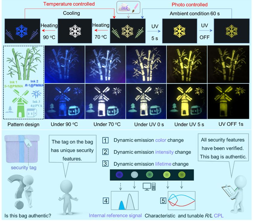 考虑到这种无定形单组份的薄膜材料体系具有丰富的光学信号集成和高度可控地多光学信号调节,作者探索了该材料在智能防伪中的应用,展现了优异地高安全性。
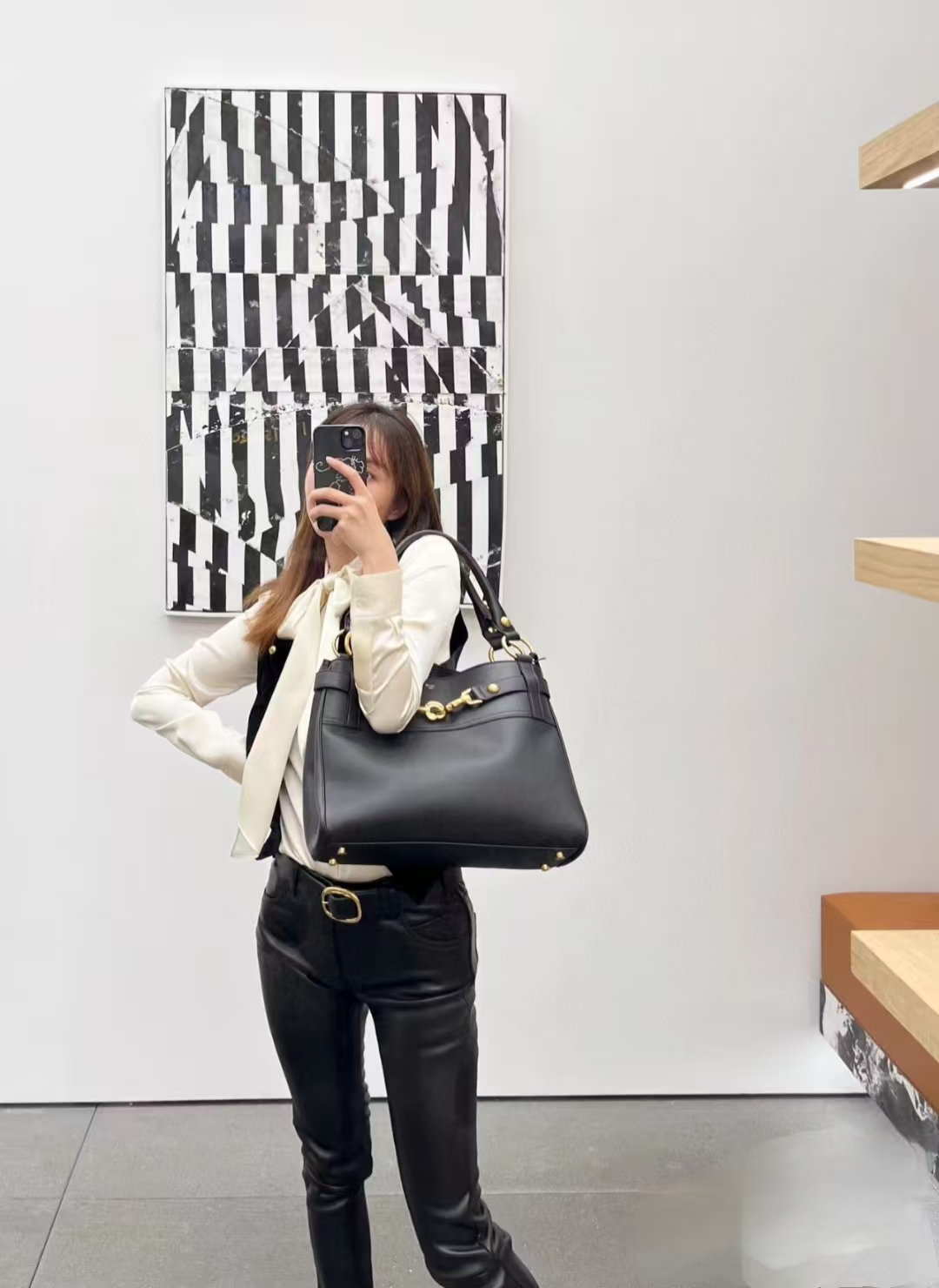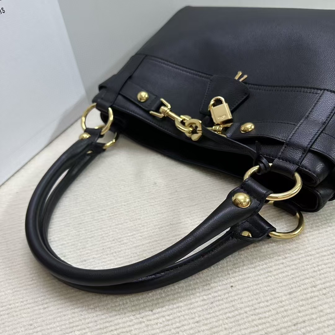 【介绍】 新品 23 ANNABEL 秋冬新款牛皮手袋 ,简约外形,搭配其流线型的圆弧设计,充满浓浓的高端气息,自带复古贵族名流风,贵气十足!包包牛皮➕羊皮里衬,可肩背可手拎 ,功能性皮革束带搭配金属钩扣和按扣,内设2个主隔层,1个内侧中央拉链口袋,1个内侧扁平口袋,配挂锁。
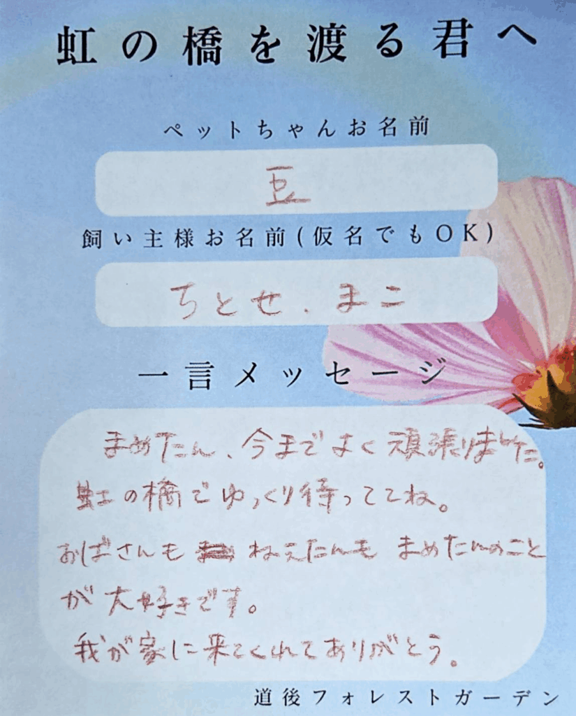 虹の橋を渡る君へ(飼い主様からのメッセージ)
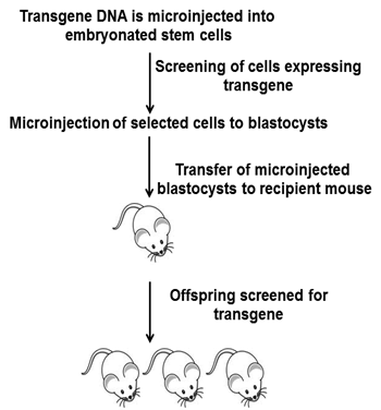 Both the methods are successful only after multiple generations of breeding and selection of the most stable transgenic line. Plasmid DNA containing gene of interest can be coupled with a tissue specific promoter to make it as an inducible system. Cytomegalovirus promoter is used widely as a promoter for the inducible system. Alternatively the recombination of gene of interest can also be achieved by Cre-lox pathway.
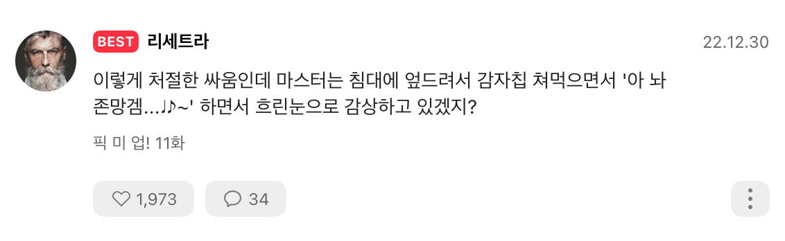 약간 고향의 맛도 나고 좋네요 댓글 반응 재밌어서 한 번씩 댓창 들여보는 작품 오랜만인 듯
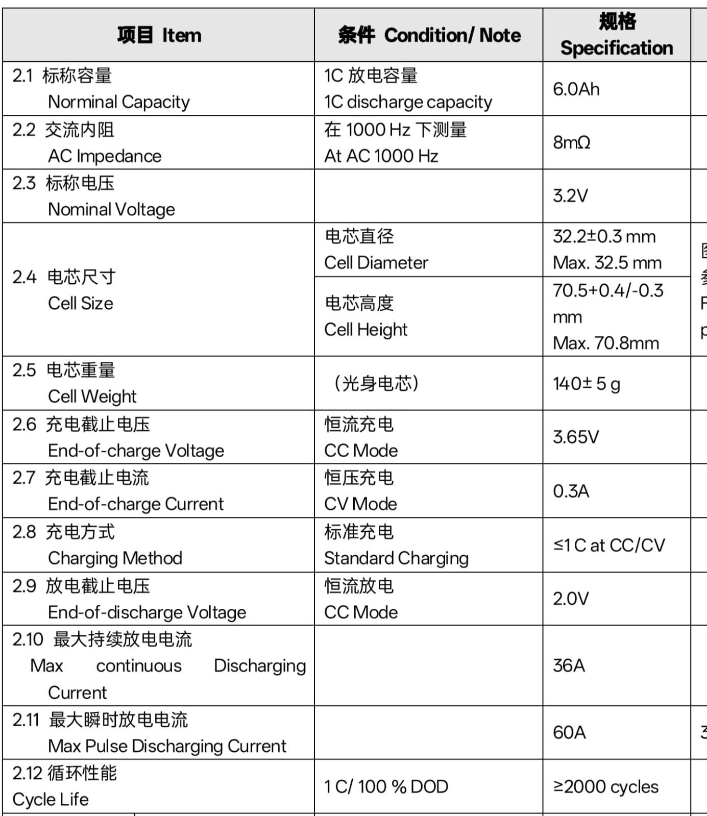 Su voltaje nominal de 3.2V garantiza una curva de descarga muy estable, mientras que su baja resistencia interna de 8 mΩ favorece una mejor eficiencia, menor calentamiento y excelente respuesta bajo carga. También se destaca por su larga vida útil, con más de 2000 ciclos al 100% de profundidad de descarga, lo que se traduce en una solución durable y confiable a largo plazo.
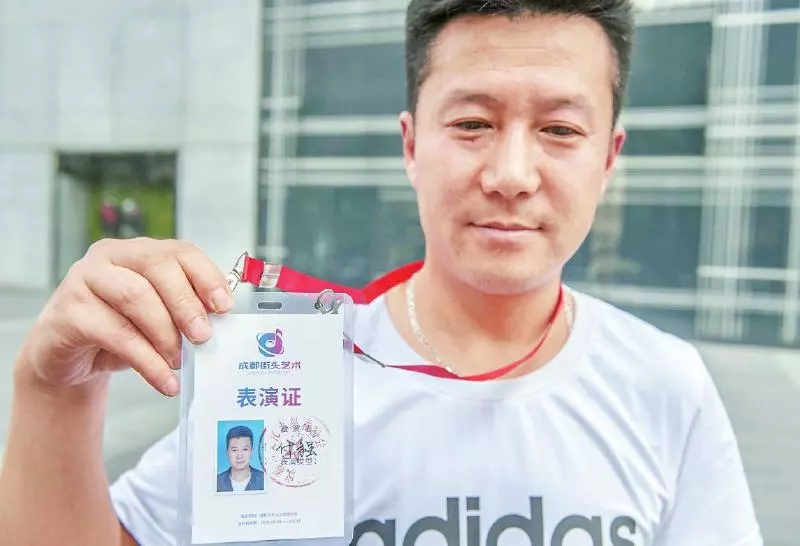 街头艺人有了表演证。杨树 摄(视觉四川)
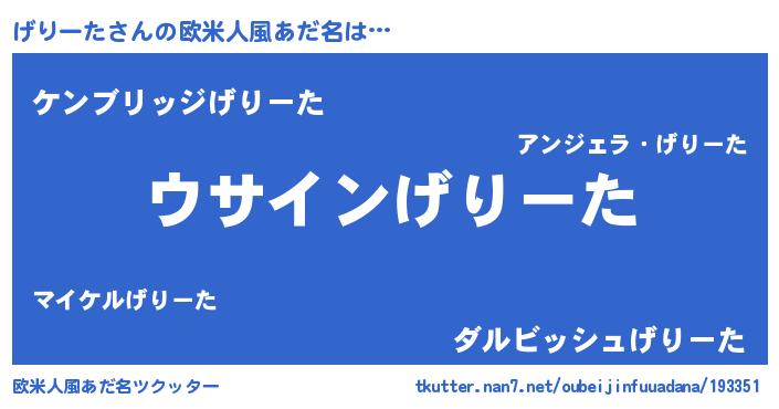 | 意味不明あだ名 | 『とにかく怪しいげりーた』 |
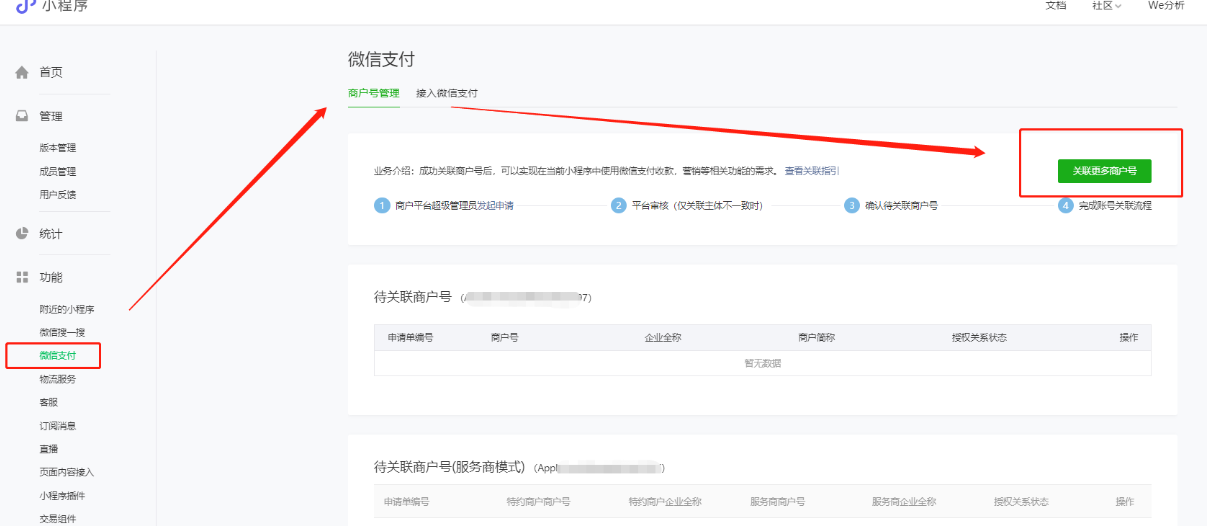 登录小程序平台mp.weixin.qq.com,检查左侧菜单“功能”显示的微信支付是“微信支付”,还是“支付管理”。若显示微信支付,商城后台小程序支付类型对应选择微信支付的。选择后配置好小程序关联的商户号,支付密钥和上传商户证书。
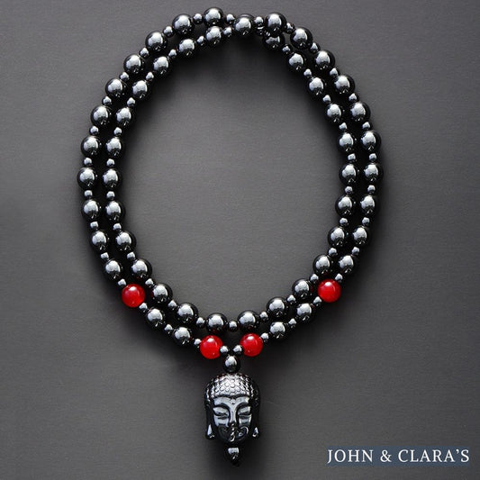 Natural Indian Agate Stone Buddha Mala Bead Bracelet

● **WHAT YOU ARE ASKED TO DO**
Would you set down the records exactly, with no pictures included?

● **REPLY TO THE TASK**
 考虑到这种无定形单组份的薄膜材料体系具有丰富的光学信号集成和高度可控地多光学信号调节,作者探索了该材料在智能防伪中的应用,展现了优异地高安全性。
 【介绍】 新品 23 ANNABEL 秋冬新款牛皮手袋 ,简约外形,搭配其流线型的圆弧设计,充满浓浓的高端气息,自带复古贵族名流风,贵气十足!包包牛皮➕羊皮里衬,可肩背可手拎 ,功能性皮革束带搭配金属钩扣和按扣,内设2个主隔层,1个内侧中央拉链口袋,1个内侧扁平口袋,配挂锁。
 虹の橋を渡る君へ(飼い主様からのメッセージ)
 Both the methods are successful only after multiple generations of breeding and selection of the most stable transgenic line. Plasmid DNA containing gene of interest can be coupled with a tissue specific promoter to make it as an inducible system. Cytomegalovirus promoter is used widely as a promoter for the inducible system. Alternatively the recombination of gene of interest can also be achieved by Cre-lox pathway.
 약간 고향의 맛도 나고 좋네요 댓글 반응 재밌어서 한 번씩 댓창 들여보는 작품 오랜만인 듯
 Su voltaje nominal de 3.2V garantiza una curva de descarga muy estable, mientras que su baja resistencia interna de 8 mΩ favorece una mejor eficiencia, menor calentamiento y excelente respuesta bajo carga. También se destaca por su larga vida útil, con más de 2000 ciclos al 100% de profundidad de descarga, lo que se traduce en una solución durable y confiable a largo plazo.
 街头艺人有了表演证。杨树 摄(视觉四川)
 | 意味不明あだ名 | 『とにかく怪しいげりーた』 |
 登录小程序平台mp.weixin.qq.com,检查左侧菜单“功能”显示的微信支付是“微信支付”,还是“支付管理”。若显示微信支付,商城后台小程序支付类型对应选择微信支付的。选择后配置好小程序关联的商户号,支付密钥和上传商户证书。
 Natural Indian Agate Stone Buddha Mala Bead Bracelet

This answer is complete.